◆ What is being asked
Pictures excluded, copy all of the data below exactly.

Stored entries
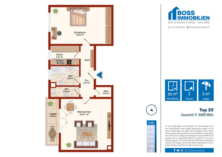 Auf rund 65 m² Wohnfläche plus einer sonnigen Loggia mit 5 m² entfaltet sich ein durchdachtes Zuhause mit zwei Zimmern, das durch seine südliche Ausrichtung besonders hell und freundlich wirkt. Hier zieht das Licht ein – und bleibt.
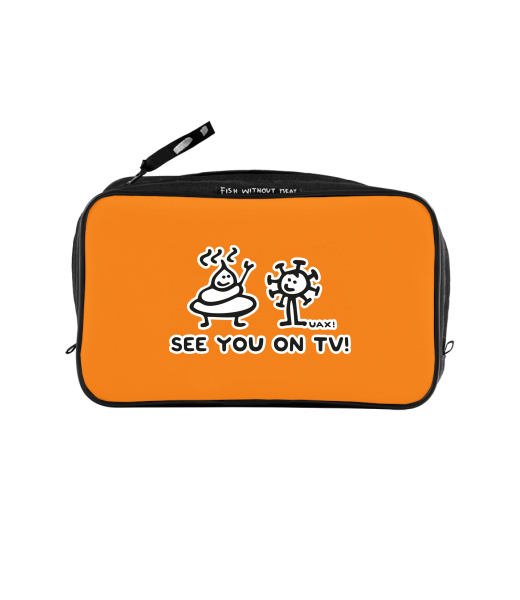 UAX Unisex sizes XL cosmetic bag with printing and pocket with design 1306 SEE YOU ON TV in color SIGNAL ORANGE
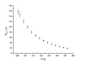 Для напівпровідникових пристроїв, таких як термістори, температурна залежність опору в основному визначається залежністю концентрації носіїв заряду від температури. Це експоненціальна залежність:
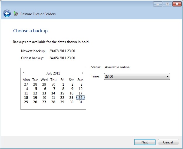 I hurriedly put in backup drive #1, and start the Server Restore wizard again. This time, I get further, and elect to choose the backup I want to restore from. If I choose a backup that was taken onto backup drive #1 (the one that’s currently plugged into the system), I get confirmation that the backup is online and available (in this case, the backup of 24th July at 23:00):
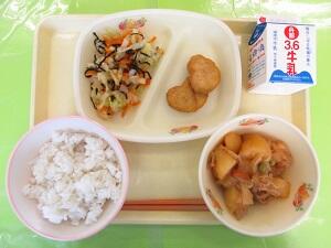 *牛乳*麦入りご飯*チキンナゲット*キャベツの塩こんぶ和え*肉じゃが
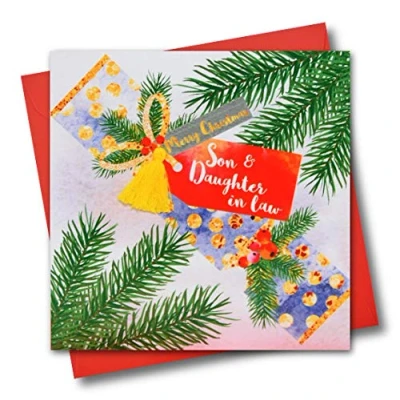 DIMENSIONS: 150x150mm CAPTION: Son and Daughter in law, Happy Christmas EMBELLISHMENT: Yellow Tassel BLANK INSIDE: Space inside for your own message MADE IN THE UK: Designed, printed and finished in the UK HIGH-QUALITY: Printed on top quality heavy 350gsm card stock, with envelope included SUSTAINABLE: Comes wrapped in Compostable bag or with a card catch label. Both the greetings card & envelope are sustainably sourced and recyclable STANDARD LETTER SIZE: Can be sent with Royal Mail standard letter stamps
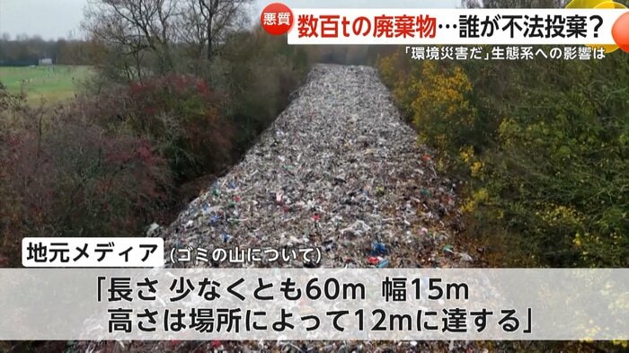 ゴミの山について、地元メディアは「長さ少なくとも60m、幅15m、高さは場所によって12mに達する」と伝えている。

◆ Output of the task
 Auf rund 65 m² Wohnfläche plus einer sonnigen Loggia mit 5 m² entfaltet sich ein durchdachtes Zuhause mit zwei Zimmern, das durch seine südliche Ausrichtung besonders hell und freundlich wirkt. Hier zieht das Licht ein – und bleibt.
 UAX Unisex sizes XL cosmetic bag with printing and pocket with design 1306 SEE YOU ON TV in color SIGNAL ORANGE
 Для напівпровідникових пристроїв, таких як термістори, температурна залежність опору в основному визначається залежністю концентрації носіїв заряду від температури. Це експоненціальна залежність:
 I hurriedly put in backup drive #1, and start the Server Restore wizard again. This time, I get further, and elect to choose the backup I want to restore from. If I choose a backup that was taken onto backup drive #1 (the one that’s currently plugged into the system), I get confirmation that the backup is online and available (in this case, the backup of 24th July at 23:00):
 *牛乳*麦入りご飯*チキンナゲット*キャベツの塩こんぶ和え*肉じゃが
 DIMENSIONS: 150x150mm CAPTION: Son and Daughter in law, Happy Christmas EMBELLISHMENT: Yellow Tassel BLANK INSIDE: Space inside for your own message MADE IN THE UK: Designed, printed and finished in the UK HIGH-QUALITY: Printed on top quality heavy 350gsm card stock, with envelope included SUSTAINABLE: Comes wrapped in Compostable bag or with a card catch label. Both the greetings card & envelope are sustainably sourced and recyclable STANDARD LETTER SIZE: Can be sent with Royal Mail standard letter stamps
 ゴミの山について、地元メディアは「長さ少なくとも60m、幅15m、高さは場所によって12mに達する」と伝えている。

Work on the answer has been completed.